If you are feeling unsure of your place in the adoption process, a variety of assistance is available to you. Support groups for birth parents, blog posts, video resources, and more can easily be found through online searches. Additionally, our adoption specialists are available to discuss any questions or concerns you may have. 

Communicating and Setting Boundaries During and After the Adoption Process

Gaining some of open adoption’s benefits begins by communicating with the adoptive family. Steady, open, and healthy conversations may assist you in building rapport and forming a friendship. This may be of particular importance for the birth father. Initiating and maintaining contact with the adoptive family may occur less naturally for you than for the birth mother.

When communicating, keep in mind that you are unlikely to agree on everything or meet all of each others’ expectations. Avoid allowing unrealistic expectations and small differences in opinion and values to derail a budding connection. 

Most importantly, make sure to set boundaries with each other early on. Your methods of communication and how often you contact each other should be discussed. Determining and respecting these boundaries may help to build trust and reassure the adoptive family that you are not overstepping. You can always ask to communicate more or less later, but setting an initial bar may benefit everyone.

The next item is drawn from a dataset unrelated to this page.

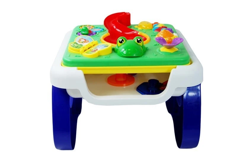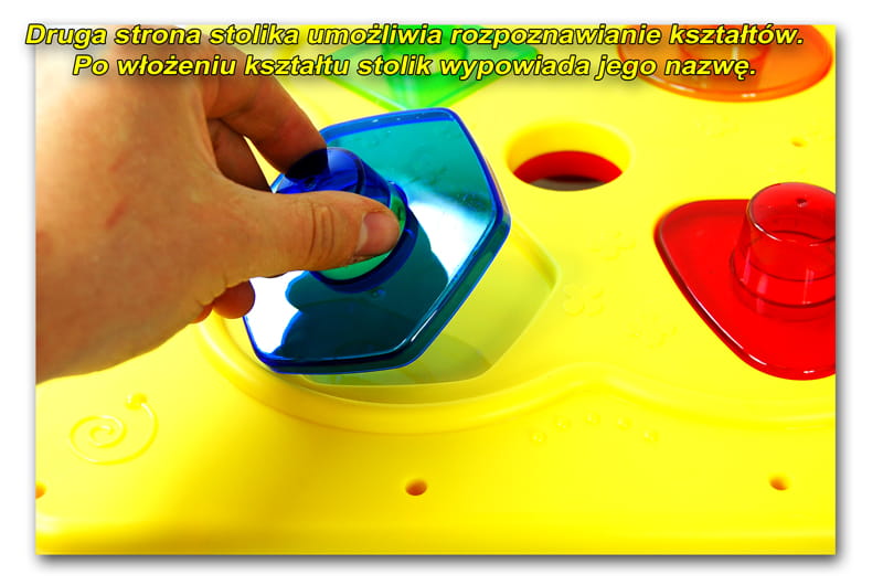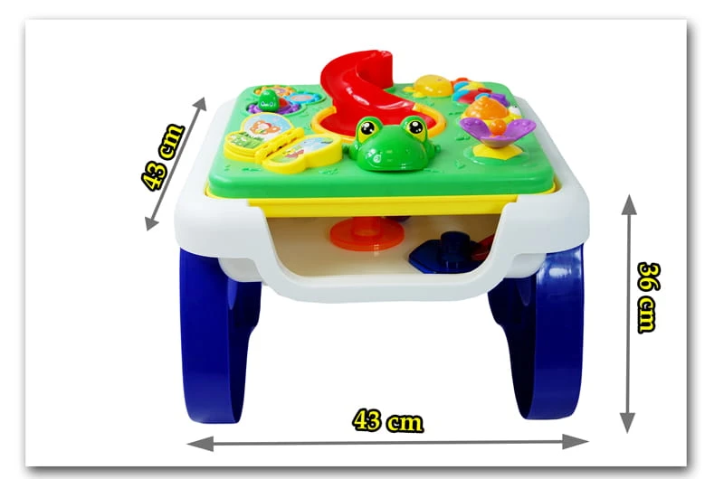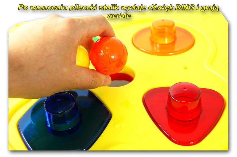 Wyjątkową atrakcją jest umieszczona w środku stoliczka zjeżdżalnia dla piłeczek ( w zestawie 4 piłeczki), gdy piłeczka wpadnie do otworu, wydobywa się dźwięk i świecą się światełka w zjeżdżalni.

Is an Open Colorado Adoption the Right Choice for You?

Open adoption provides a number of benefits for birth parents. You may gain reassurance, new friendships, and greater control over the adoption process. Additionally, birth fathers have the opportunity to play a meaningful role in both the adoption process and their child’s life. Though it is not without its challenges, it may provide the greatest opportunity for future communication and relationships. 

At Adoption Choices of Colorado, we understand this choice—and others—can be difficult to make. There is much to consider when making plans for the futures of you and your child. However, our adoption agencies in Colorado are here to provide most of the support you need. From discussing unplanned pregnancy options to helping create your adoption plan, our adoption specialists are ready and willing to assist. All you need to do is ask.